Just thought I'd share some pics of Abigail Hound  She's so pretty, I really don't take enough pics of her...


Love her conformation, whatever it is lol...










Yum, grass.











"LOOK WHAT I CAN DO"











"IM COMING MOM"










"You think you're real funny sticking us in here together...just wait till later when I pee on your bed."


----------



## AveryandAudrey (Sep 20, 2010)

Great photos, her collar looks great against her markings. Do she sleep in the crate every night?


----------



## lovemydogsalways (Mar 4, 2012)

Pretty girl!


----------



## 7766 (Sep 20, 2011)

I just love her. I am such a sucker for hounds.


----------



## meggels (May 30, 2010)

Aww thanks


----------



## meggels (May 30, 2010)

AveryandAudrey said:


> Great photos, her collar looks great against her markings. Do she sleep in the crate every night?



Nope, she pretty much never is crated. She sleeps on my bed sometimes but mostly on a bed in the hallway. Murph sleeps on my bed 90% of the time, but if I'm tossing and turning I usually stick him in the crate so I can stretch out. Now that he's been upgraded to that 36 inch crate, he loves it lol.
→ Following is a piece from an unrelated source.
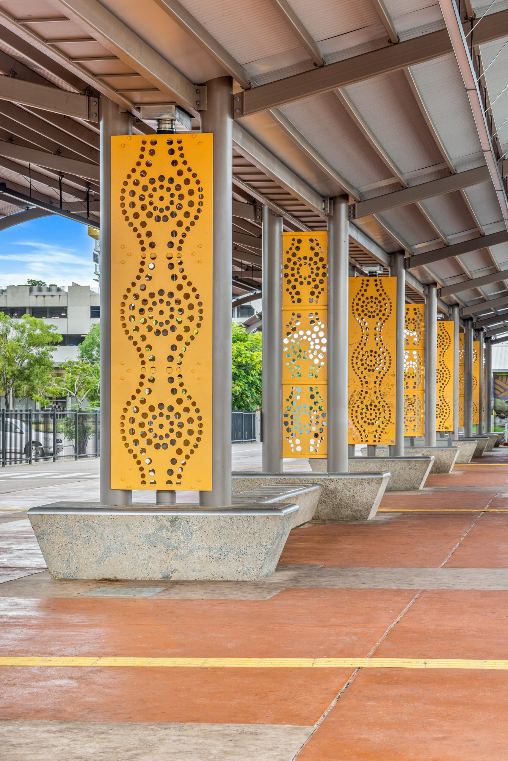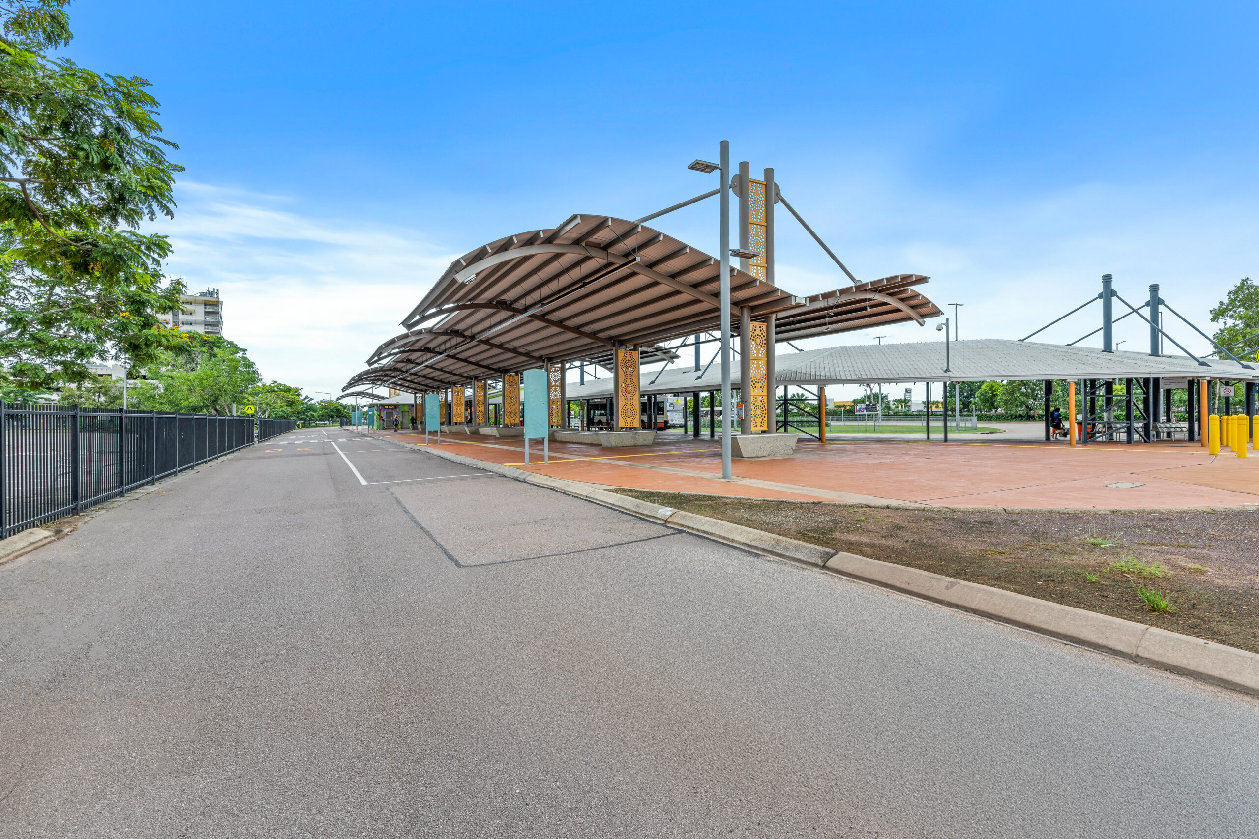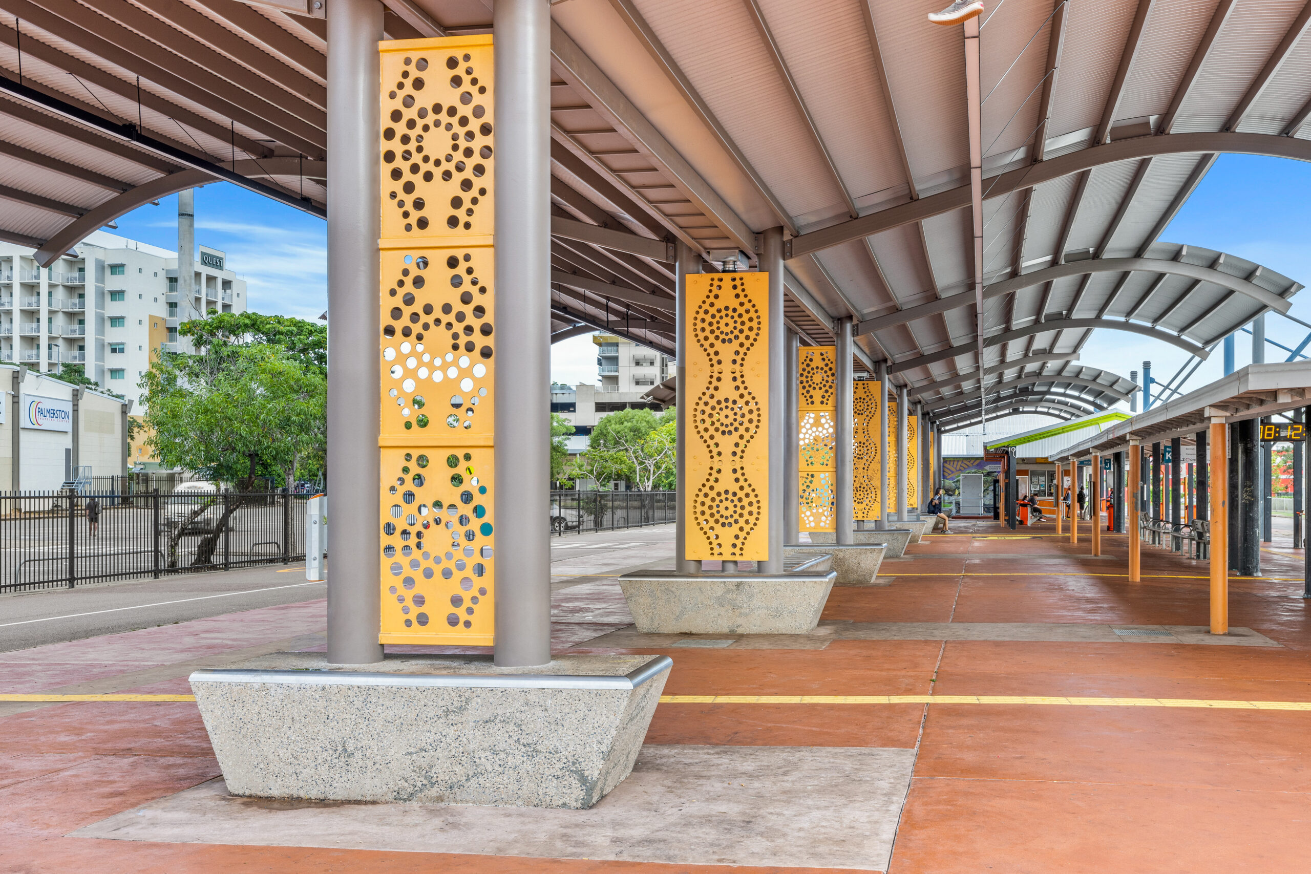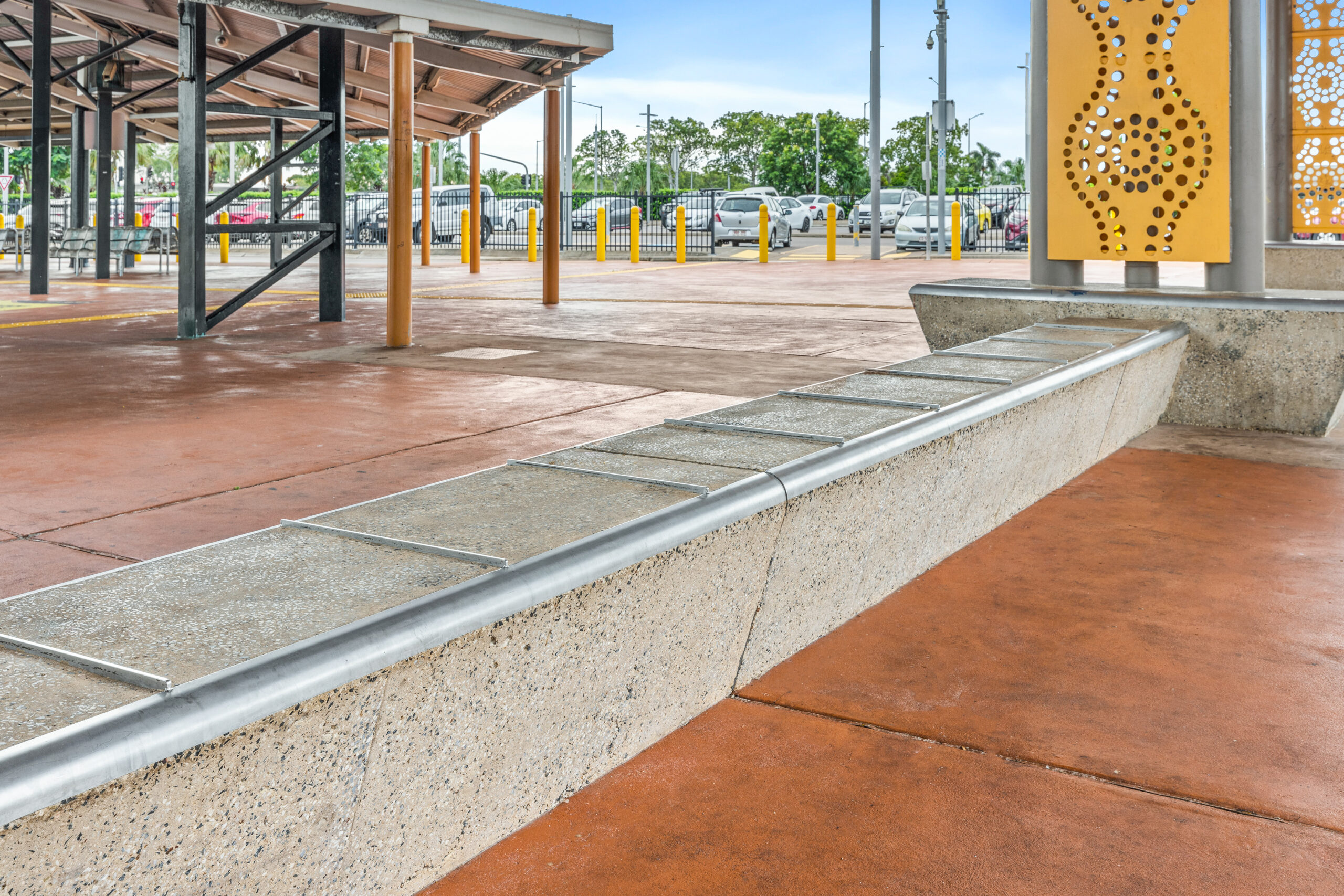 The new roof extension to the existing Palmerston Bus Interchange was developed in response to the increased number of commuters, and the need for additional weather protection. The new roof structure creates a safe, cool and dry environment, incorporating lighting and security. Additional seating was provided beneath the new roof structure.

He's crated when I'm gone because he will pee if he is loose lol.


----------



## BearMurphy (Feb 29, 2012)

she's really neat looking. does she act like a hound? other than the fur pattern she doesn't look a lot like a hound to me but maybe that's cause there is a bunch of other stuff added. i'm always fascinated by which breed traits mixed breed rescues show, especially when you have no idea who their parents were. where did you adopt her from?


----------



## meggels (May 30, 2010)

I don't think she's very "houndy" from what I know about hounds (never owned one before).

She's reliable off leash, she's VERY eager to learn, and has been so easy to train.


----------



## meggels (May 30, 2010)

Oh, and she came from Arkansas originally, was transported to Connecticut at 8 weeks old to be adopted by a family in MA. They had her for a few weeks, kept her outside and barely interacted with her, then gave her back, and I got her from a foster home in my area.


----------



## BearMurphy (Feb 29, 2012)

she's lucky to have found you then! that's one problem with the whole southern transport direct to adopters situation. the southern rescues really don't know who they are adopting out to unless a local rescue gets the dog first and works with the adopters in person, but I guess you would hope most applicants care enough to treat their dog right


----------